Starring: Armie Hammer, Geoffrey Rush, Clémence Poésy
Directed by: Stanley Tucci (“Big Night”)
Written by: Stanley Tucci (“Big Night”)

While it’s usually never great to see “how the sausage is made” in most industries, there’s always been something intriguing — at least from a cinematic perspective — about peeking into the life of an artist and witnessing the inspiration, imagination and sometimes ugliness that permeates the creative process.

From the obsessed filmmaker Guido Anselmi (Marcello Mastroianni) in Federico Fellini’s 1963 surreal Italian classic “8½” to last year’s neurotic dressmaker Reynolds Woodcock (Daniel Day-Lewis) in Paul Thomas Anderson’s romantic, stylish and strange drama “Phantom Thread,” watching masters at work (or in pain from their inability to create) makes for some fascinating substance for character analysis.

It’s especially true when documentarians are able to identify a compelling subject whose passion for their craft knows no limits and details something as specialized as video-game design (“Indie Game: The Movie”) or method acting (“Jim & Andy: The Great Beyond”) or even preparing sushi (“Jiro Dreams of Sushi”). The subgenre is one that extends across countless disciplines – none as tempestuous as visual art.

Although the tortured artist is a cliché that is often overemphasized, a number of biopics and docs such as “Basquiat,” “Pollack,” “Ai Wei Wei: Never Sorry” and “Gerhard Richter Painting,” have proven that each of these artists’ insight is worthy of a deep dive into learning what makes them tick. The same can’t be said, unfortunately, about “Final Portrait,” a shallow, British-American drama that offers no real substance behind the paper-thin narrative and characters presented by Oscar-nominated actor-turned-filmmaker Stanley Tucci (“The Lovely Bones”).

In his first foray into the director’s chair in more than a decade, Tucci explores the connection between Swiss painter and sculptor Alberto Giacometti (Geoffrey Rush) and American writer James Lord (Armie Hammer), who poses as a model inside Alberto’s Paris studio in 1964. “You’re my husband’s next victim,” Alberto’s wife Annette (Sylvie Testud) tells James on the first day he steps into the studio for what is supposed to be a three-hour sitting.

A few hours, however, drag on for nearly three weeks as Alberto, surrounded by dusty sculptures and picturesque albeit dreary production design, transforms into a self-doubting, hopeless curmudgeon who curses at his canvas as much as he actually puts paint on it and delivers empty dialogue like “It’s gone too far; same time, not far enough” when he makes a potential breakthrough. James is also introduced to Caroline (Clémence Poésy), a pretty prostitute Alberto considers his muse and “nighttime companion.”

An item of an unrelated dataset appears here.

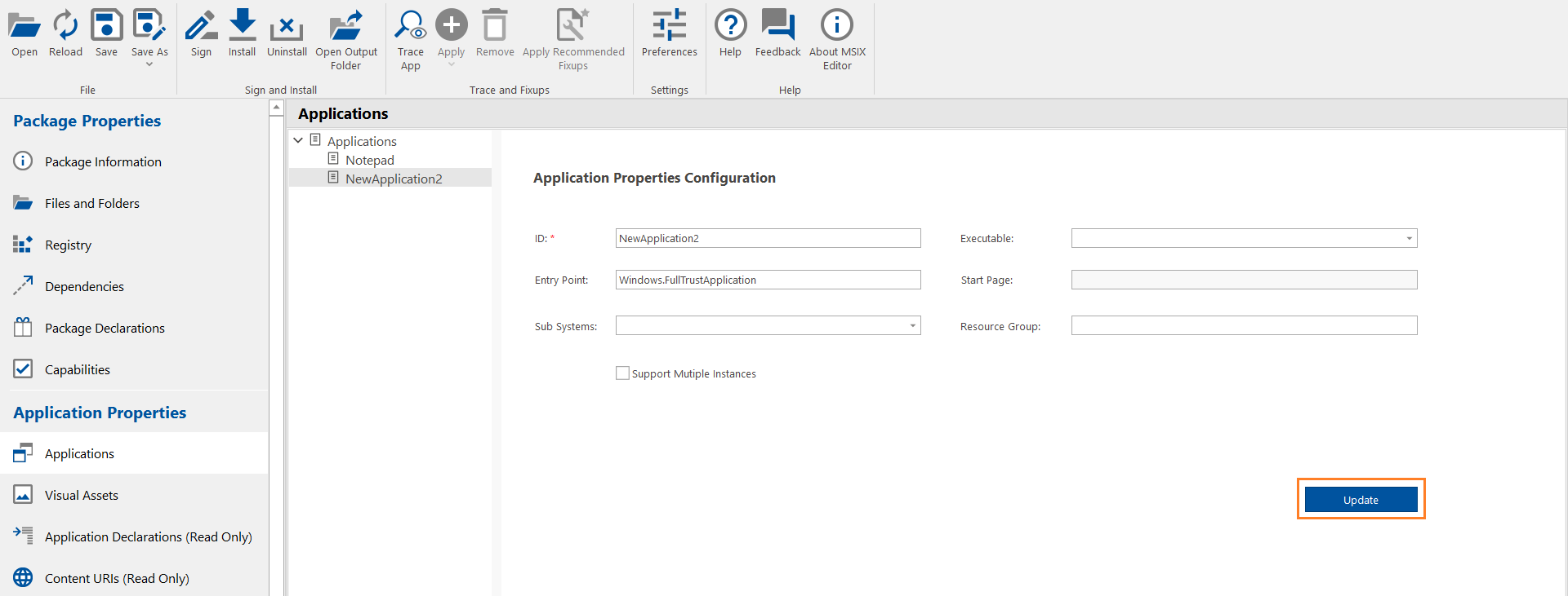 - Enter the details in the respective fields and then click Update button. For more information on Applications properties, see Applications View.

Alberto is a frustrating character, which was probably Tucci’s desire from the get-go, but the repetition in his process, or lack thereof, which spins in a loop from self-deprecating to compulsive to selfish, also twists him into a fairly unlikeable human being. Rush plays it with compassion much like he did in his Oscar-winning role in 1996’s “Shine,” but it’s a move that would only be helpful to the story if Hammer’s portrayal of James balanced it in a way audiences could feel a real relationship was present or at least forming.

Sadly, Hammer is a blank slate — a wet napkin dressed in a blue blazer and tie, sitting on a rickety wicker chair watching Alberto dip his brush into gray paint. He’s an emotionally absent pushover, and none of it is very revealing or in the interest of either gentleman. In fact, around day 12, James, through some ineffective voiceover narration, says the time he has spent with Alberto has put a “psychological strain” on him. However, Tucci, who adapted the script from Lord’s memoir “A Giacometti Portrait,” never gives an indication that James is stressed about the situation he has found himself in. Instead of just telling audiences that the prolonged art project is driving him nuts, it would have been beneficial to see something expressed on James’ perfect face. In “Final Portrait,” Hammer adequately plays what is ultimately the equivalent of a bowl of fruit.

Aside from a couple of short, thought-provoking discussions between James and Alberto about suicide and artists stealing ideas from each other, not much is memorable during their studio time. What we’re left with is Alberto scowling at his work, threatening to abandon the portrait, smoking, yelling “fuck” a lot, burying his head in his hands in complete anguish and going for occasional walks.

At one point, Alberto declares that “portraits have no meaning,” to which James questions with, “So, what we’re doing is meaningless?” As a moviegoer watching “Final Portrait,” the theory also rings true.